Philippe Bilger : Délires judiciaires...
Quand tout semble aller à vau-l'eau sur le plan judiciaire, on a
le droit de délirer.
J'écris "semble" parce que des magistrats dévoués,
compétents et courageux, au parquet comme au siège, en première instance comme
en appel, ont continué d'assumer leur mission en l'absence, souvent, d'avocats
qui déploraient de n'avoir pas toutes les garanties sanitaires.Je relève aussi que l'institution a été livrée à la garde des Sceaux, donc à elle-même, en regrettant que jamais elle n'ait été mise explicitement au rang des préoccupations gouvernementales. De quoi donner le moral aux serviteurs de ce service public capital !
Alors pourquoi évoquer, dans mon titre, des "délires judiciaires" alors que j'ose leur donner un contenu positif ? Comme des avancées qui ne seront jamais concrétisées parce que trop provocatrices mais qui pourtant auraient l'heureux effet d'éradiquer mille dysfonctionnements au centre et dans la périphérie de la Justice et de vider la bureaucratie omniprésente de sa substance. Il y a des révolutions dont l'absence me pèse.

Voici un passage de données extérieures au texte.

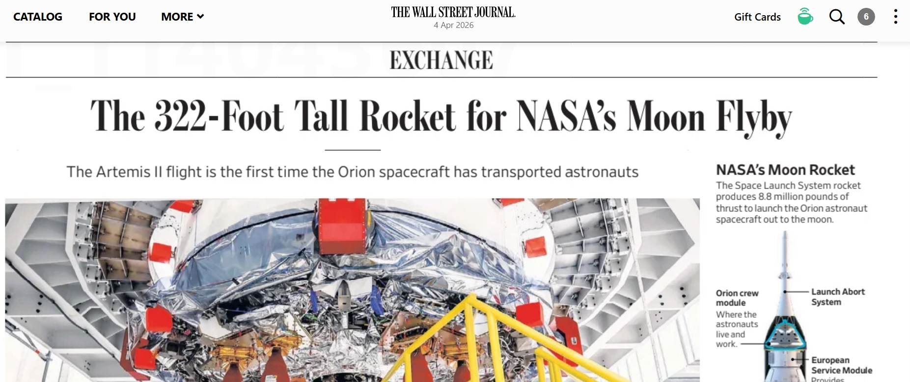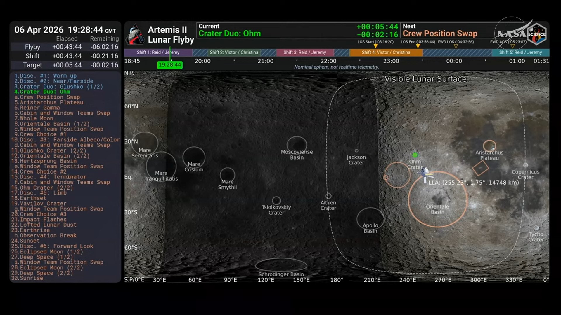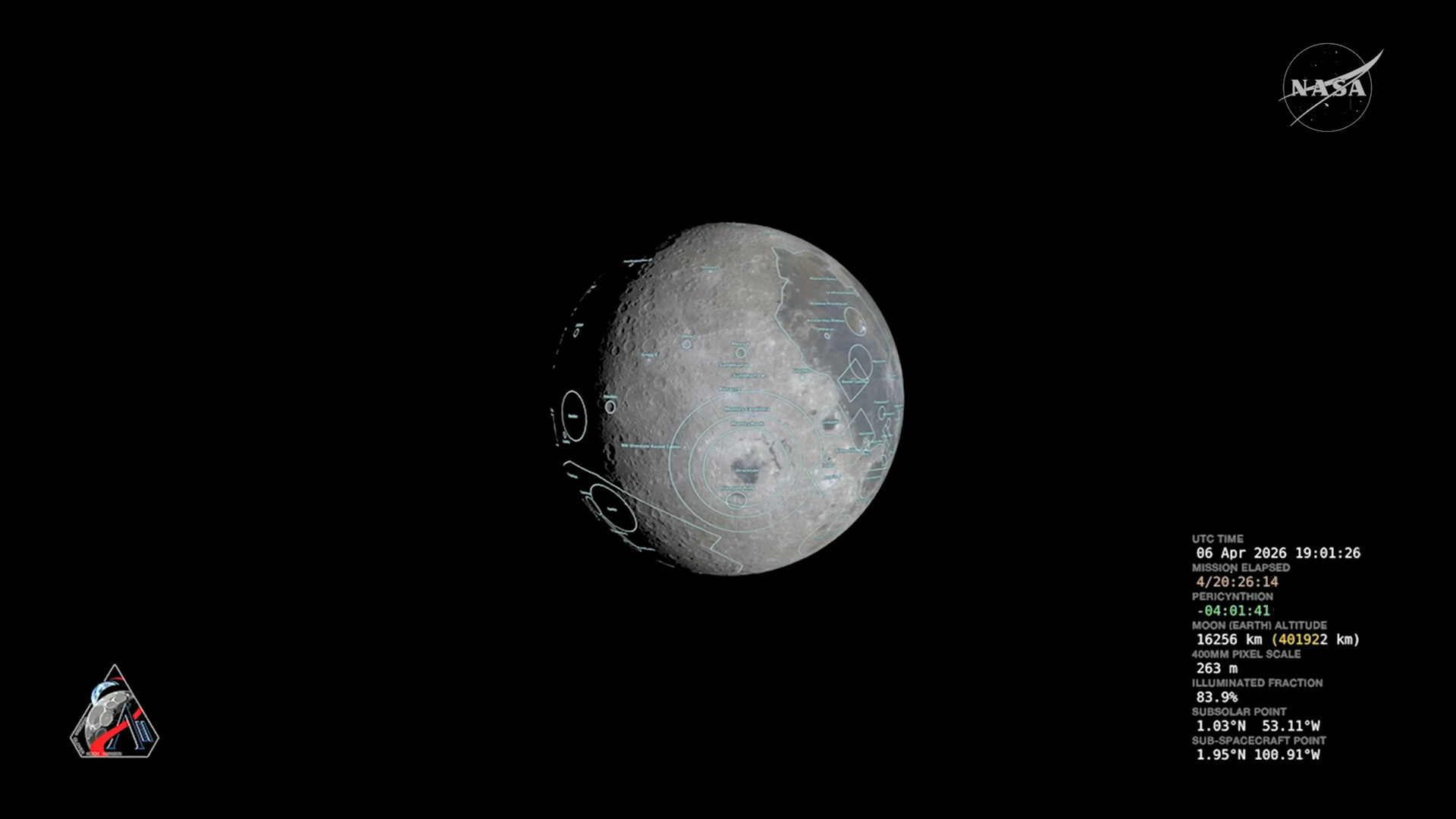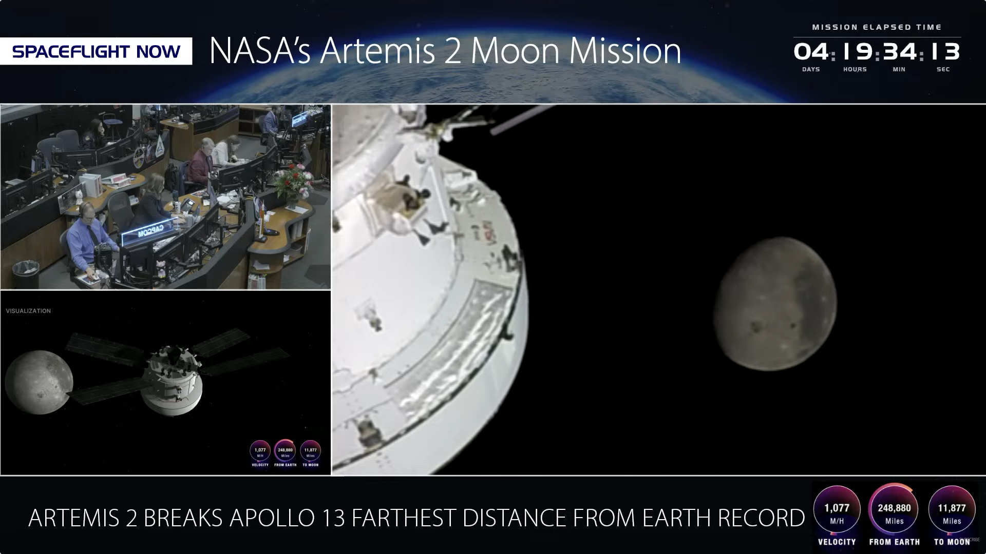 > === THE FINAL FEW HOURS === <The Orion spacecraft is now within 12,000 miles of the moon. 5 hours until the closest approach.>Artemis II MissionArtemis II NASA's first crewed mission to the Moon in over 50 years. Launched on April 1, 2026, the four-person crew is currently on a ~10-day lunar flyby mission aboard the Orion spacecraft. This is the first time humans have traveled beyond low Earth orbit since Apollo 17 in 1972. The flight is testing systems for future lunar landings.>Live Coveragehttps://www.youtube.com/watch?v=m3kR2KK8TEshttps://www.youtube.com/watch?v=z-j1uxBmis0>Mission Trackershttps://www.nasa.gov/missions/artemis-ii/arowhttps://artemis-ii-tracker.comhttps://issinfo.net/artemis.html>The CrewReid Wiseman (Commander) - Navy test pilot and former ISS astronaut.https://www.nasa.gov/people/reid-wisemanVictor Glover (Pilot) - Navy aviator, first black astronaut to live aboard the ISS, and Crew-1 pilot.https://www.nasa.gov/humans-in-space/astronauts/victor-j-gloverChristina Koch (Mission Specialist) - Record holder for longest single spaceflight by a woman (328 days).https://www.nasa.gov/people/christina-kochJeremy Hansen (Mission Specialist) - Canadian Space Agency astronaut, fighter pilot and physicist.https://www.asc-csa.gc.ca/eng/astronauts/canadian/active/bio-jeremy-hansen.asp>What is Orion?Orion is NASA's deep space exploration spacecraft designed to take humans to the Moon and beyond. This is its first crewed flight.https://www.nasa.gov/humans-in-space/orion-spacecraft/>Photoshttps://www.nasa.gov/gallery/artemis-ii-astronautshttps://www.nasa.gov/gallery/journey-to-the-moonhttps://www.nasa.gov/gallery/artemis-ii-launchhttps://www.nasa.gov/gallery/artemis>Additional Readinghttps://www.nasa.gov/mission/artemis-iihttps://en.wikipedia.org/wiki/Artemis_IIhttps://en.wikipedia.org/wiki/Orion_(spacecraft)Previous thread: >>532492671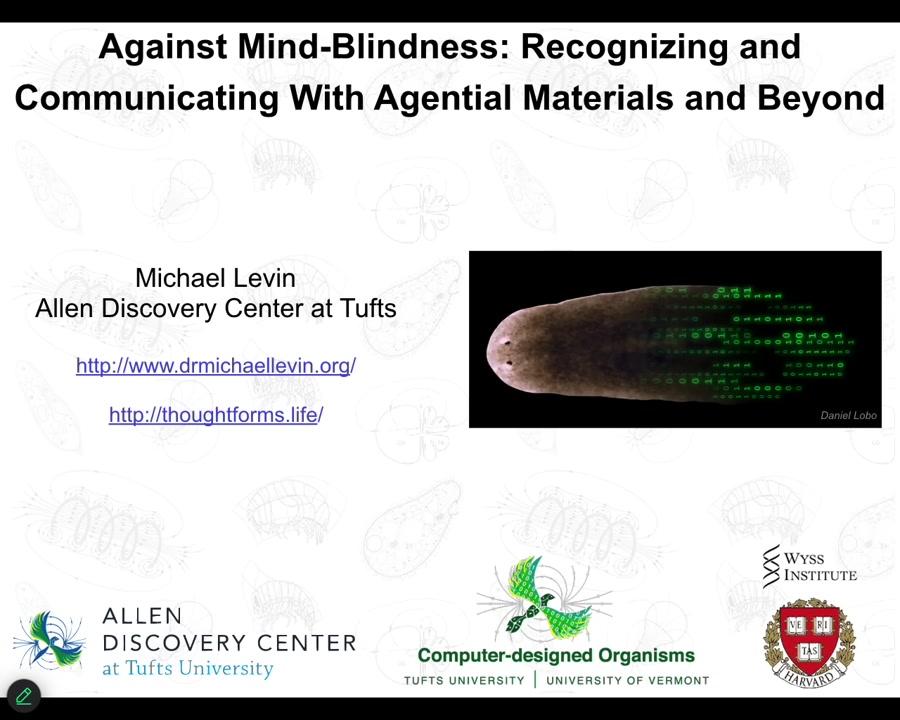 This is a 1 hour 11 minute talk by me called "Against Mind-Blindness: recognizing and communicating with Agential Materials and Beyond". It is a slightly longer, updated version of this talk from last month, containing a bit of new material and a somewhat differently-ordered presentation.

En vrac donc, si on veut bien accepter ma volonté d'aller puiser partout et ma certitude que rien ne serait impossible mais que tout est inconcevable à cause de la droite et de la gauche ; elles sont paradoxalement jumelles dans leur perception à la fois confortablement humaniste, frileuse et sans souci de l'efficacité et, au fond, des désirs du citoyen.
Garder
l'Ecole nationale de la magistrature mais la réformer de fond en comble pour
qu'elle sorte du narcissisme judiciaire - ce que la société lui doit - au
bénéfice de l'exigence démocratique - ce qu'elle doit à la société. Un tel
changement de perspective modifierait tout et serait bienvenu.